### Exercise objective
Your reply should be a faithful copy of the records below, free of pictures.

Records from a collection:
Start of Block

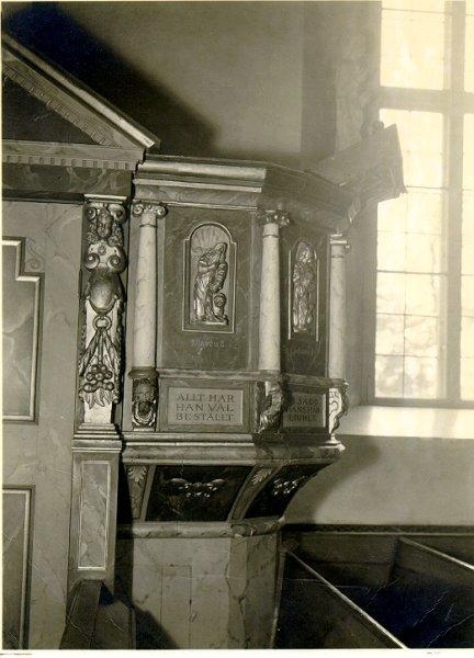 Predikstolen i S:t Olofs kyrka. Predikstolen i vår kyrka är utförd i barock och skänkt till kyrkan någon gång i mitten av 1600-talet. Den skänktes av befallningsmannen i Gudhems, Vilske och Valle härader, borgmästaren i Falköping Lars Andersson-Hvass, som ligger begraven i södra korsgången. Han var född 1611 och dog 1660. I den likpredikan över honom av broddetorpskyrkoherden Elavus Elavi, som hölls i kyrkan vid begravningen, står bl.a.att läsa: " Han haver guds boning kär och det rum där hans ära bor.- - - - Det haver han besynnerliga låtit se med denna stadens kyrka, som var nästan taklös när han kom hit. - - - Desslikes med en kostelig inreda , med en kostelig predikstol, altartavla, mässekläder avdelat kor och vackre inbyggde stolar som en stadskyrka väl pryda" - - - - - -
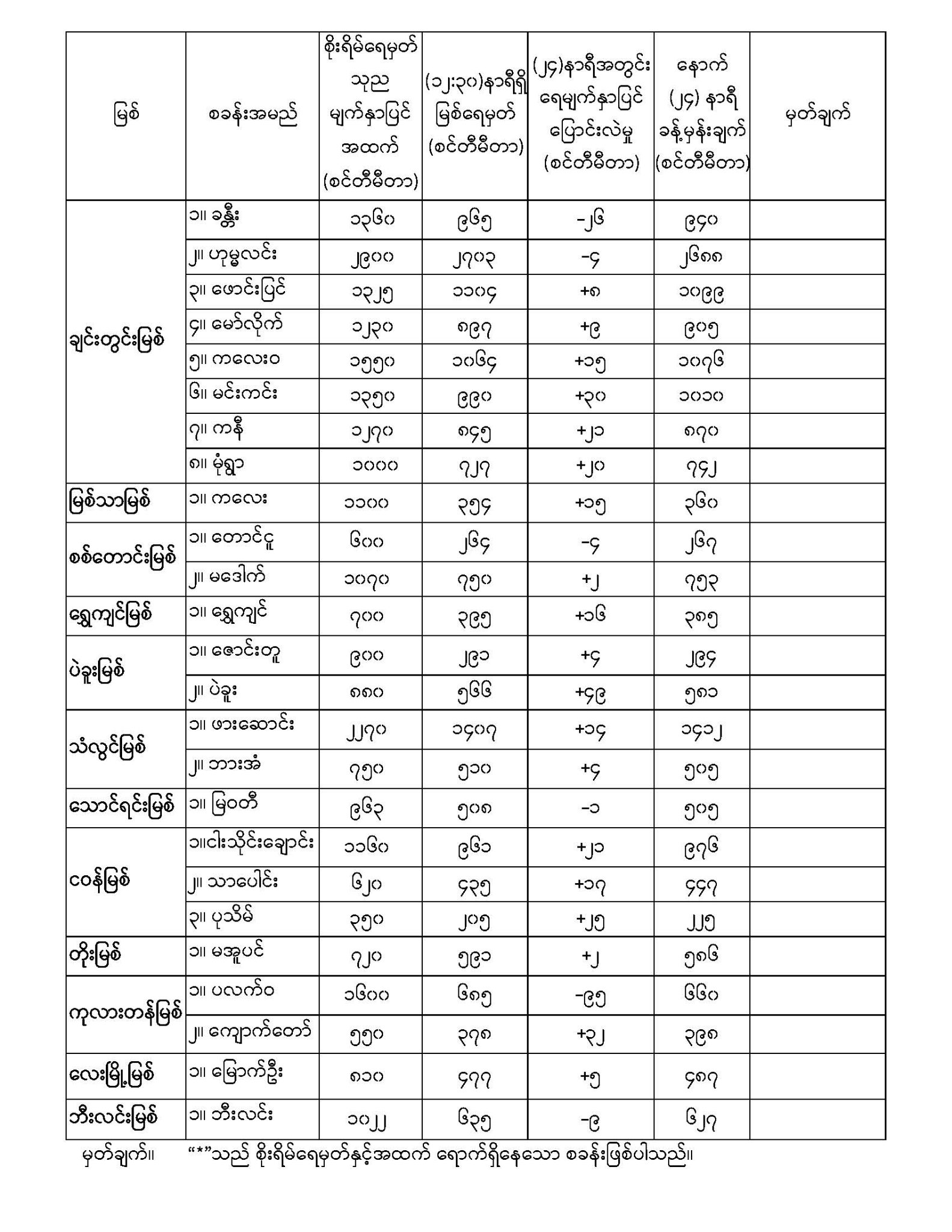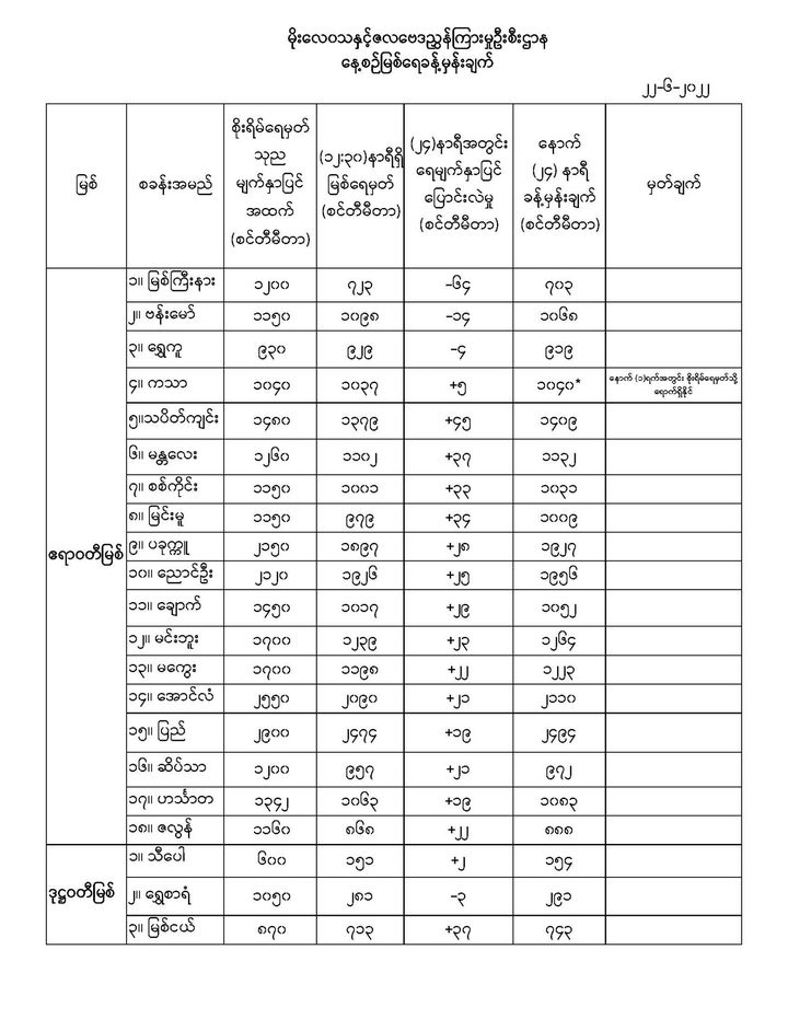 Jun 22,2022 |02:18 | ဇွန် ၂၂ မိုးလေဝသနှင့် ဇလဗေဒညွှန်ကြားမှုဦးစီးဌာနမှ (၂၂.၆.၂၀၂၂) ရက်နေ့တွင် ထုတ်ပြန်သည့် နေ့စဉ်မြစ်ရေခန့်မှန်းချက်များကို အောက်ပါအတိုင်း ဖော်ပြထားပါတယ်... Crd>>>မိုး/ဇလ
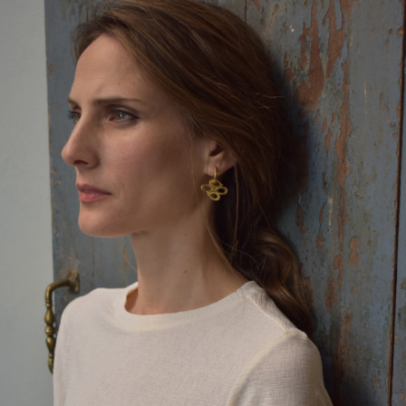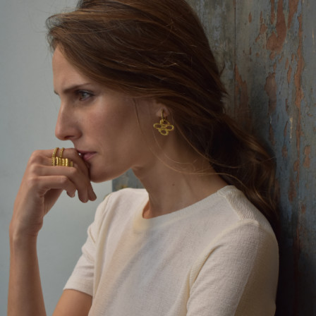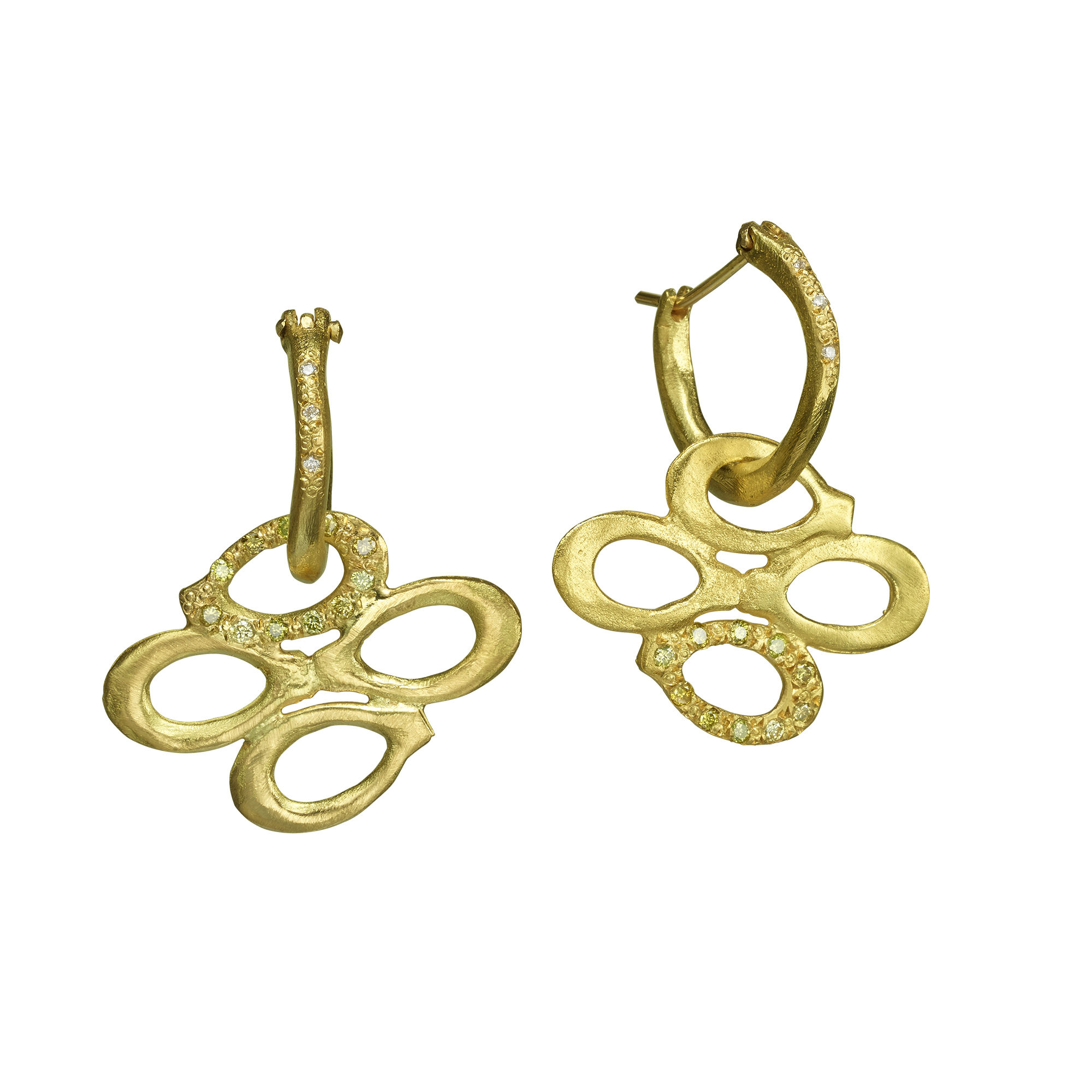 עגילי חישוק זהב 18 קראט עם תליון חוליות אובליות
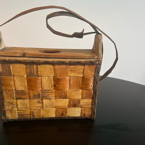 Gammel flettekurv , med to håndtak , 23 cm høg , 31 cm lang , til salgs
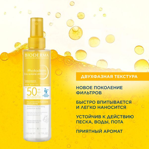 BIODERMA ФОТОДЕРМ Солнцезащитный антиоксидантный увлажняющий спрей SPF50, 200 мл
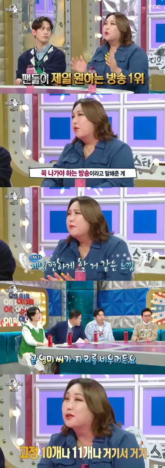 김구라는 "'라스' 출연에 큰 의미가 있다던데?"라고 물었고, 풍자는 "팬들이 제일 원하는 프로그램이다. 5년 전부터 꼭 나가야하는 프로그램이라고 말씀을 해주셨다. 아무래도 제일 편안하게 할 수 있지 않을까 생각을 하시더라. 어제도 라이브를 했는데 그 때도 '라스' 얘기를 하셨다. 입이 근질근질했다"면서 웃었다.
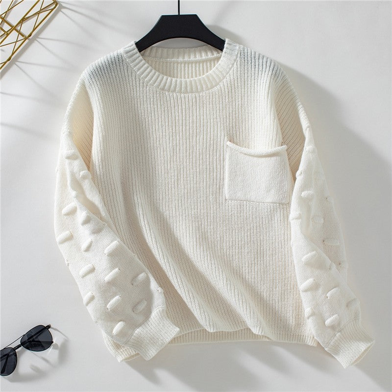 Elevate your wardrobe with this chic Solid Color Pocketed Pullover Sweater, perfect for any occasion - from casual outings to a night out. Crafted from high-quality Dacron, this sweater exudes an Artistic Retro vibe with Girlish Sweetness and Light Maturity. The Round

End of Block

### Response for this exercise
 Predikstolen i S:t Olofs kyrka. Predikstolen i vår kyrka är utförd i barock och skänkt till kyrkan någon gång i mitten av 1600-talet. Den skänktes av befallningsmannen i Gudhems, Vilske och Valle härader, borgmästaren i Falköping Lars Andersson-Hvass, som ligger begraven i södra korsgången. Han var född 1611 och dog 1660. I den likpredikan över honom av broddetorpskyrkoherden Elavus Elavi, som hölls i kyrkan vid begravningen, står bl.a.att läsa: " Han haver guds boning kär och det rum där hans ära bor.- - - - Det haver han besynnerliga låtit se med denna stadens kyrka, som var nästan taklös när han kom hit. - - - Desslikes med en kostelig inreda , med en kostelig predikstol, altartavla, mässekläder avdelat kor och vackre inbyggde stolar som en stadskyrka väl pryda" - - - - - -
 Jun 22,2022 |02:18 | ဇွန် ၂၂ မိုးလေဝသနှင့် ဇလဗေဒညွှန်ကြားမှုဦးစီးဌာနမှ (၂၂.၆.၂၀၂၂) ရက်နေ့တွင် ထုတ်ပြန်သည့် နေ့စဉ်မြစ်ရေခန့်မှန်းချက်များကို အောက်ပါအတိုင်း ဖော်ပြထားပါတယ်... Crd>>>မိုး/ဇလ
 עגילי חישוק זהב 18 קראט עם תליון חוליות אובליות
 Gammel flettekurv , med to håndtak , 23 cm høg , 31 cm lang , til salgs
 BIODERMA ФОТОДЕРМ Солнцезащитный антиоксидантный увлажняющий спрей SPF50, 200 мл
 김구라는 "'라스' 출연에 큰 의미가 있다던데?"라고 물었고, 풍자는 "팬들이 제일 원하는 프로그램이다. 5년 전부터 꼭 나가야하는 프로그램이라고 말씀을 해주셨다. 아무래도 제일 편안하게 할 수 있지 않을까 생각을 하시더라. 어제도 라이브를 했는데 그 때도 '라스' 얘기를 하셨다. 입이 근질근질했다"면서 웃었다.
 Elevate your wardrobe with this chic Solid Color Pocketed Pullover Sweater, perfect for any occasion - from casual outings to a night out. Crafted from high-quality Dacron, this sweater exudes an Artistic Retro vibe with Girlish Sweetness and Light Maturity. The Round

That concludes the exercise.